• Activity:
What is needed is an exact copy of the lines in the listing below, from the one with "館林駅にてまちなか散策ガイド配布" up to and including the one with "Figura 1. Madres en la sesión de masaje", with no other lines.

• Data excerpts:
╭──

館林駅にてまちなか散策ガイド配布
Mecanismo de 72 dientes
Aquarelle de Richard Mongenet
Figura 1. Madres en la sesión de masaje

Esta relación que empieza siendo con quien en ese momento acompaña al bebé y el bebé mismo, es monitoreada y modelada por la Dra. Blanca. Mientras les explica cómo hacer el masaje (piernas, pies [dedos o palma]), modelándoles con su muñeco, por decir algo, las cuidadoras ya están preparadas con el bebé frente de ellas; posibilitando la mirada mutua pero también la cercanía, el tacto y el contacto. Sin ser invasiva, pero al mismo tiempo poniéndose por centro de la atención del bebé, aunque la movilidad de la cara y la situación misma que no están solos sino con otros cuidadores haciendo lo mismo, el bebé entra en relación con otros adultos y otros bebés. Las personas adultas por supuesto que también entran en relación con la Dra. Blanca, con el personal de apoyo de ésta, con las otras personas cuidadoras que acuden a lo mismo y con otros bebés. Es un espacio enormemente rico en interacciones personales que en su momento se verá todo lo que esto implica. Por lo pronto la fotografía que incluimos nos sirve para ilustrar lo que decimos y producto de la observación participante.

╰──
╭──

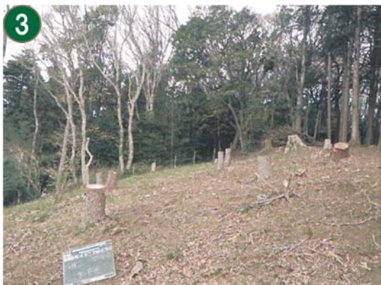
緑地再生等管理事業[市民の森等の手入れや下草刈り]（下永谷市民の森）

╰──

• Task response:
館林駅にてまちなか散策ガイド配布
Mecanismo de 72 dientes
Aquarelle de Richard Mongenet
Figura 1. Madres en la sesión de masaje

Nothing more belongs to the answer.